With the additional burden of birth control expenses, it is no surprise that the Women's Research & Education Institute, a nonprofit organization supplying information and analyses on women's issues, has found that women pay 68% more in out-of-pocket health-care expenses than men do. The average annual cost of prescription birth control, according to the Mercer report, ranges from $73 for an IUD to $333 for oral contraceptives. This is "a lot of money to a lot of people," said Mary Jane Minkin, M.D., OB/GYN professor at Yale University.

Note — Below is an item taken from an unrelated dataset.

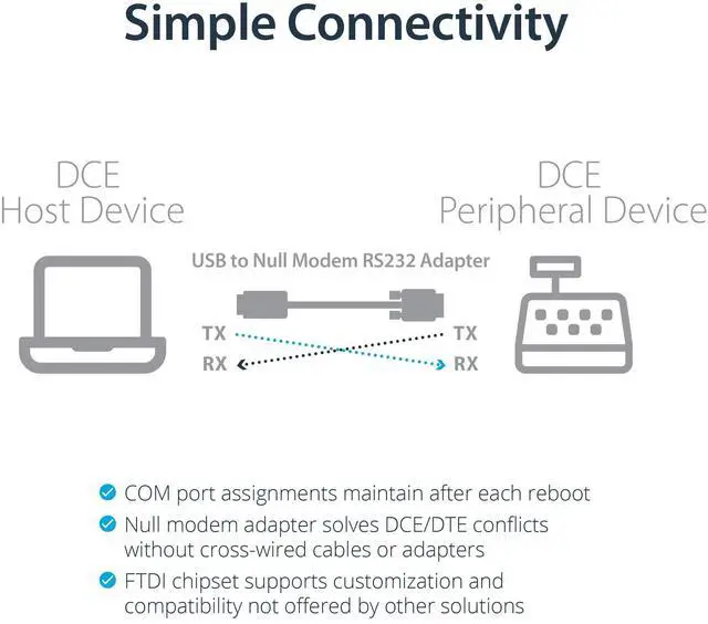 The USB to Null Modem adapter is compatible with a broad list of operating systems including Windows, Windows CE, Mac OS and Linux, making it easier to integrate into mixed environments.

Many managed care organizations continue to assert that only drugs used in the care or treatment of an illness will be included in Rx drug coverage and that "lifestyle"drugs such as contraceptives should be paid for by the consumer. However, the 1998 introduction of Viagra (sildenafil citrate, Pfizer), which has also been termed a "lifestyle" drug, ignited a fury among consumers concerning an apparent double standard in drug coverage. During Viagra's first two months of sales, according to a 1998 Washington Post article by Amy Goldstein, more than half of all prescriptions received some coverage for the medication.

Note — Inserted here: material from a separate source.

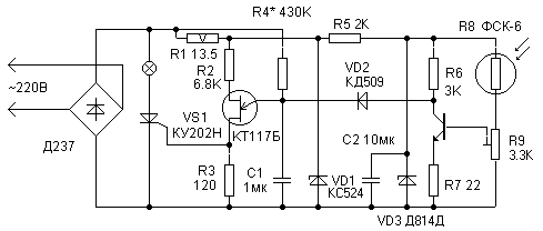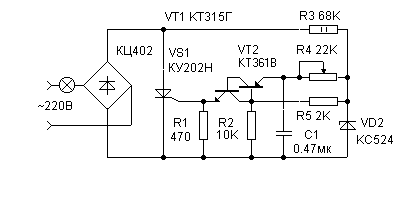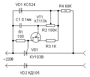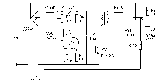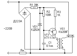 работает следующим образом. Положительная полуволна питающего напряжения проходит в нагрузку практически без ослабления через диод VD2. Релаксационный генератор питается пульсирующим напряжением (в течениие отрицательной полуволны), ограниченным стабилитроном VD1 на уровне 24В. С появлением каждой отрицательной полуволны конденсатор С1 начинает заряжаться через цепь R2, R4. Скорость зарядки можно регулировать переменным резистором R2. Как только напряжение на конденсаторе достигнет порога открывания транзистора VT1, на управляющий электрод тиристора VS1 поступает положительный импульс и тиристор открывается до конца полупериода. Таким образом, изменением постоянной времени фазосдвигающей цепи R2C1 осуществляктся регулировние мощности, отдаваемой в нагрузку.

The American College of Obstetricians & Gynecologists claims that this unequal treatment by health insurance is "gender bias"; approved contraceptive devices have been on the market for 40 years, yet they still have not received justice in the insurance world. Gloria Feldt, president of the Planned Parenthood Federation, remarked that "Viagra, in all seriousness, means more sex—and more sex means more need for effective contraception."

A 1998 survey of about 1,000 adults conducted by the Kaiser Family Foundation revealed that 75% of Americans support legislation to include contraception in prescription drug coverage; the same survey found that support for Viagra was much less, at only 49%. Nonetheless, the Mercer report demonstrates that, at most, 39% of private insurance plans offer unrestricted choice of birth control methods.

While the Mercer report found that oral contraceptives are covered by the majority of HMO plans, it also discovered that they are still included in only about one-third of indemnity plans. Most important, the Pill is not suitable for every woman. Minkin contended that "all women should be given options" and that women who cannot afford prescription birth control are forced to choose OTC methods, "which are not nearly as reliable."

Considering the overwhelming public support for contraceptive coverage revealed in the Kaiser survey, one might be led to believe that cost would be the only obstacle. However, Lisa Astor, the primary researcher and author of the Mercer report, maintains that the "average total cost of adding contraceptives to group benefits is approximately $21.40 per employee per year, or less than a 1% increase in total health-care costs." Furthermore, only 20% of this cost, or $4.28, would be paid by the employer, with the remaining $17.12 being covered by the employee (through a $1.42 monthly raise in premiums).

The Mercer report also alleges that denying access to contraceptives, which inevitably results in more pregnancies, can be quite costly to both the insurers and the employers. Minkin asserted that having a child is "a very expensive thing," and terminating a pregnancy is also a "costly event." Surprisingly, the report revealed that 66% of indemnity plans and 70% of HMOs offer abortion coverage, despite a cost that is considerably higher than that for contraceptives.

Considering that 48% of all pregnancies are unplanned, maternity costs to employers and insurers could be drastically reduced with increased access to contraceptives. "If a woman doesn't want to be pregnant, then it's a devastating cost," Minkin concluded. "Looking at it from a strictly dollars-and-cents point of view, [insurers are] not being very smart."